1849 wurde er im Zusammenhang mit dem Fall Petraschewski mit Nikolai Jakowlewitsch Danilewski verwechselt und verhaftet und musste mehrere Monate im Gefängnis der Peter-und-Paul-Festung verbringen, wurde jedoch 1850 freigelassen und erhielt seinen Abschluss, genannt Kandidatur. Von 1850 bis 1857 diente er im Unterrichtsministerium. Die Regierung, namentlich Großfürst Konstantin Nikolajewitsch, schickte in dieser Zeit die Beamten auf ethnographische Forschungsreisen in entlegene Gebiete, so auch G. P. Danilewski, der die Krim, die Mündung des Don und das Asowsche Meer[5] sowie die Archive der Klöster in den Gouvernements Charkow, Poltawa und Kursk erforschte.[1]
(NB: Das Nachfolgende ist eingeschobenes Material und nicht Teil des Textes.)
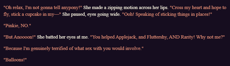 >>42985648>In the bottom of "Personality" added the later:She's an average unicorn with average magical strength, which means she can't put down enough torque to open pickle jars from her magic alone, mostly able to levitate one or two things at a time, besides any magic related to the very talent related to her craft and cutie mark.She loves to take a peek into the antique shop for old gems, in the figurative sense, her love for refining and polishing finding the gold in the old, even though she never really buys any for herself.>Deleted what was past the "Background" and changed to this:Born and raised in Ponyville, Amethyst is the eldest child of Derpy Hooves, older sister of Dinky Doo, being born with her mom being so young still and with the circumstances behind that, that she became very independent very early, often acting as the pseudo-mom for Dinky whenever Derpy works long shifts in her mail route. Neither of the two know anything about their fathers, Dinky having a Time Lord as Derpy worked as his assistant in the Tardis, an earth pony named Time Turner also known as Dr. Whooves, and Amethyst herself being even worse and literally a unplanned college dance aftereffect from a younger Derpy. The three ponies currently live in a stallionless house, propping up each other through thick and thin.

1857 nahm G. P. Danilewski seinen Abschied im Ministerium, heiratete[4] und lebte im Gouvernement Charkow, wo er in verschiedenen Ämtern für Volksschulen und philanthropische Einrichtungen tätig war. 1869 trat er in die Redaktion des neugegründeten „Pravitelstvennyj vjestnik“ (Regierungsbote) in Petersburg ein und war von 1881 bis zu seinem Tod Chefredakteur desselben.[1] Er wurde im Dorf Prischib im heutigen Oblast Charkiw der Ukraine begraben.
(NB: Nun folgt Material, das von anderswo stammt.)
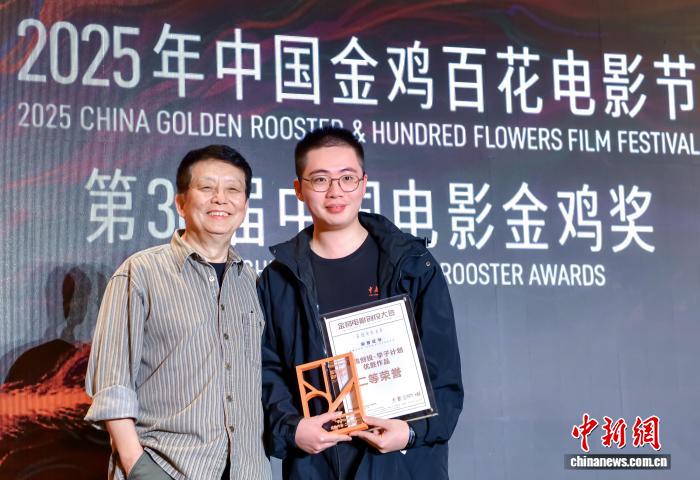 11月12日晚,2025年金鸡报晓仪式暨国贸之夜在福建厦门举行。活动旨在为青年影人铺路,为优质项目搭台,现场揭晓金鸡创投“高校联盟学子计划”等各项荣誉。图为导演黄建新(左)与获奖青年影人合影。中新社记者 王东明 摄

Literarische Tätigkeit[Bearbeiten | Quelltext bearbeiten]

Abgesehen von einigen kleineren Versen[6][4] und Übersetzungen[7][5] sammelte Danilewski in seinem ersten Werk Slobozhane (1854) eine Reihe von Geschichten über das Leben und die Traditionen der Ukraine (siehe auch: Sloboda). Sein erster Roman, Beglye v Novorossii (Flüchtlinge in Neurussland, 1862), veröffentlicht unter dem Pseudonym D. Skavronsky, brachte ihm großen Erfolg. Es folgten Beglye vorotilis (Die Rückkehr der Flüchtlinge, 1863) und Novye mesta (Neue Orte, 1867). Die Trilogie schildert die Besiedlung der ukrainischen Steppe durch entflohene Leibeigene.[8] Die Erzählung von 1868 „Zhizn cherez sto let“ (Das Leben in hundert Jahren, 1868) war ein Science-Fiction-Werk mit Vorstellungen über das Jahr 1968.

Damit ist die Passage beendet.